Leave out every picture and set down, exactly, the lines below from the one holding "Spravujte nastavení barev" up to and including the one holding "A beautiful Lady".

**DATA FOR THE TASK**
○ ○ ○ ○ ○

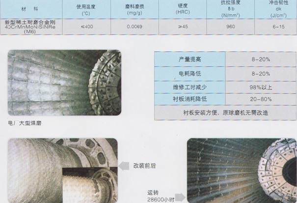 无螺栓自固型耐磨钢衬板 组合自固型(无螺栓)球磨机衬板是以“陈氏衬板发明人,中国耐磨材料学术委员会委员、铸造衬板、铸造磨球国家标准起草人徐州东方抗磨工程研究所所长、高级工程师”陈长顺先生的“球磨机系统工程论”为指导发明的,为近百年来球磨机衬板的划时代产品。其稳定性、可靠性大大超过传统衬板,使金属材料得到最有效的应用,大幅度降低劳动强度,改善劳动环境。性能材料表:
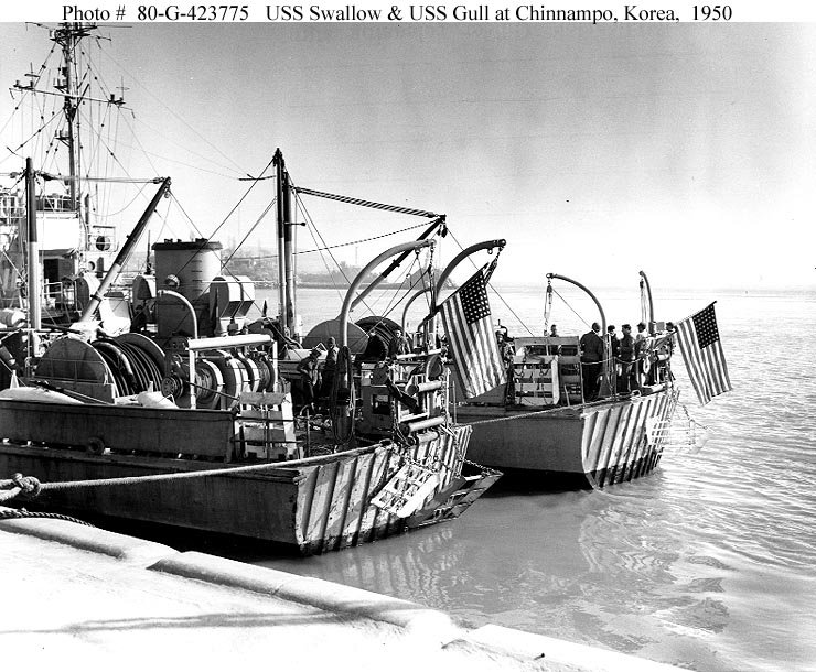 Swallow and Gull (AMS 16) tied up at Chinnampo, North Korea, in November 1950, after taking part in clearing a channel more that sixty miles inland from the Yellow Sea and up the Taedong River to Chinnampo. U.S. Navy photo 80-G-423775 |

○ ○ ○ ○ ○

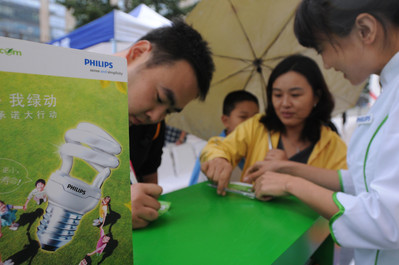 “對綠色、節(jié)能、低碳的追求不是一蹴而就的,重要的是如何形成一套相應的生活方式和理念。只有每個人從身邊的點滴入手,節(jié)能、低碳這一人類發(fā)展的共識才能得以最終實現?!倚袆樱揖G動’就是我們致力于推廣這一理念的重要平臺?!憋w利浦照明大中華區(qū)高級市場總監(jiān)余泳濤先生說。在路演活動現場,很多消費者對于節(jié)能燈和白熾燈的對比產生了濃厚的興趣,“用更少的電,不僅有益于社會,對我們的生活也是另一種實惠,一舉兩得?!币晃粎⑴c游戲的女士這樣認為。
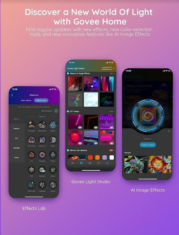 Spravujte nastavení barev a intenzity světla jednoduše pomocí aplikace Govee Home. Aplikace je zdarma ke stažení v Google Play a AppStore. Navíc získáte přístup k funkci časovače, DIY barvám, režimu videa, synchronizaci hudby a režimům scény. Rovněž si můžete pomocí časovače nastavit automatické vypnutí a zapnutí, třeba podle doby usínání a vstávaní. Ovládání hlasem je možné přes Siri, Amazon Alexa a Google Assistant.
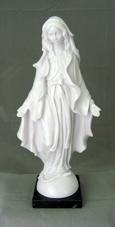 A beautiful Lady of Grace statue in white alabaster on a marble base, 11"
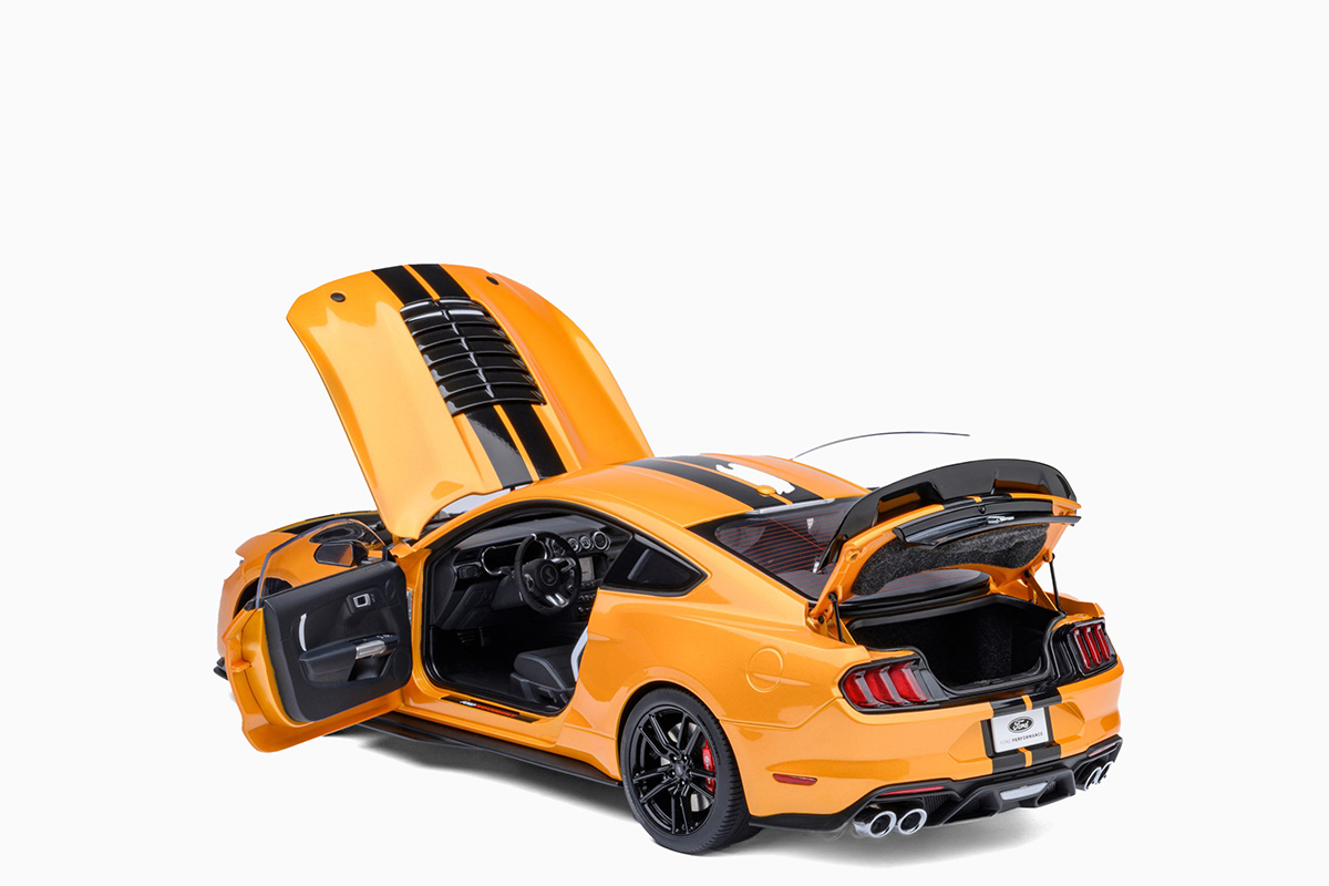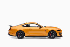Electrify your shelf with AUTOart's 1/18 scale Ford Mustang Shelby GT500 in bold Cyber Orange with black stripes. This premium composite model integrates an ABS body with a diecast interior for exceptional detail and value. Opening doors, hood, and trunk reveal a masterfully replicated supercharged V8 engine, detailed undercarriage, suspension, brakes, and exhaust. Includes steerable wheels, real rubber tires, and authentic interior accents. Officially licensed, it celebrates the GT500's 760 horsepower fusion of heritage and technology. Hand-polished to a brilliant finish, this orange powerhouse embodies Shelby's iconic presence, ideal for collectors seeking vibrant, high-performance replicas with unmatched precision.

○ ○ ○ ○ ○

**ANSWER AREA**
 Spravujte nastavení barev a intenzity světla jednoduše pomocí aplikace Govee Home. Aplikace je zdarma ke stažení v Google Play a AppStore. Navíc získáte přístup k funkci časovače, DIY barvám, režimu videa, synchronizaci hudby a režimům scény. Rovněž si můžete pomocí časovače nastavit automatické vypnutí a zapnutí, třeba podle doby usínání a vstávaní. Ovládání hlasem je možné přes Siri, Amazon Alexa a Google Assistant.
 A beautiful Lady of Grace statue in white alabaster on a marble base, 11"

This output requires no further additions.